━━ Exercise material ━━

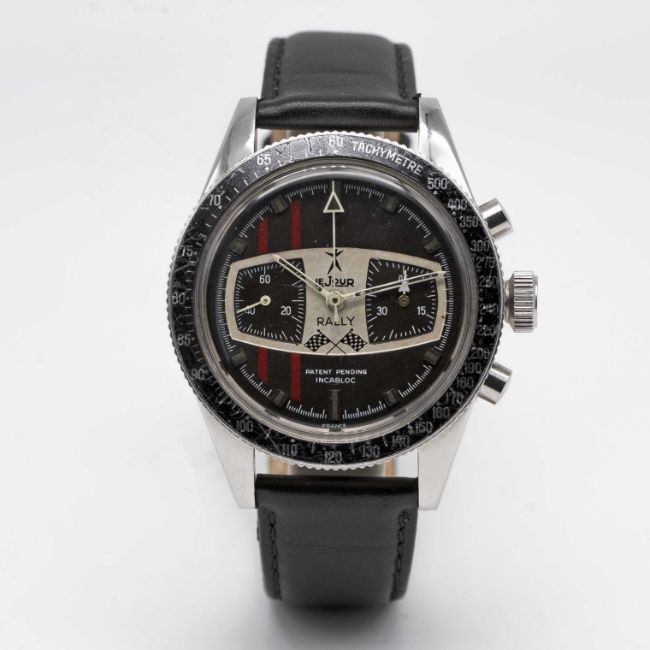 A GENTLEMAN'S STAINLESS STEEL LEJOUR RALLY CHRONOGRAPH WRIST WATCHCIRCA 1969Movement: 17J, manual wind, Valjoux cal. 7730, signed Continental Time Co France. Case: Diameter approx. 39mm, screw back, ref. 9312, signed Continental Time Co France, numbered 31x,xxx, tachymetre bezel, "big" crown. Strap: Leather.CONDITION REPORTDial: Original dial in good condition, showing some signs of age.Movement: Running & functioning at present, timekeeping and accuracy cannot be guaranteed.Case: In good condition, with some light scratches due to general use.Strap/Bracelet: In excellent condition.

━━━
━━ Exercise material ━━

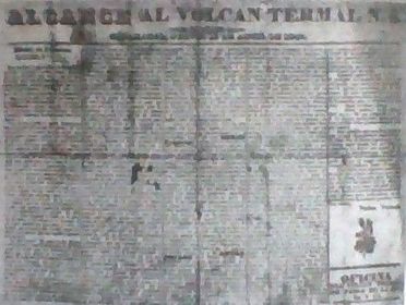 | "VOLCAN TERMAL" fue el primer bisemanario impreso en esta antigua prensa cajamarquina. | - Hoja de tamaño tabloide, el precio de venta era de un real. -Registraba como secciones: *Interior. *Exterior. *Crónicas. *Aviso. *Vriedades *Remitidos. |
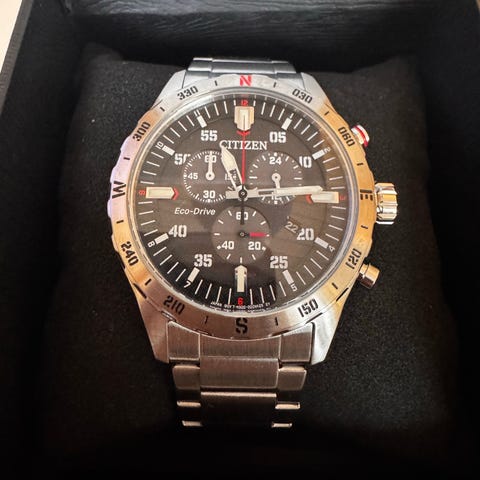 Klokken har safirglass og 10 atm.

━━━
━━ Exercise material ━━

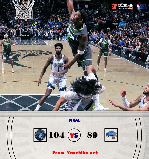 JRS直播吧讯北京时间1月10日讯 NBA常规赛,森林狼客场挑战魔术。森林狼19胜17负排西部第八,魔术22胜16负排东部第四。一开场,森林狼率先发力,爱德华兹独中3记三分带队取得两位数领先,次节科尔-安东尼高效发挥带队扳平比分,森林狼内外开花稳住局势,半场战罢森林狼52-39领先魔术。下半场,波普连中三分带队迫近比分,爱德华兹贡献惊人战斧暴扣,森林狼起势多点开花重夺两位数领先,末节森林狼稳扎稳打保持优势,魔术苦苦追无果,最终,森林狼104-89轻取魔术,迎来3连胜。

━━━

**Aim of the task**
Print everything from the line with "fue el primer" down to the line with "Klokken har safirglass og 10 atm." in the entries above, both lines included and nothing more, without the pictures.

**Solution to the exercise**
 | "VOLCAN TERMAL" fue el primer bisemanario impreso en esta antigua prensa cajamarquina. | - Hoja de tamaño tabloide, el precio de venta era de un real. -Registraba como secciones: *Interior. *Exterior. *Crónicas. *Aviso. *Vriedades *Remitidos. |
 Klokken har safirglass og 10 atm.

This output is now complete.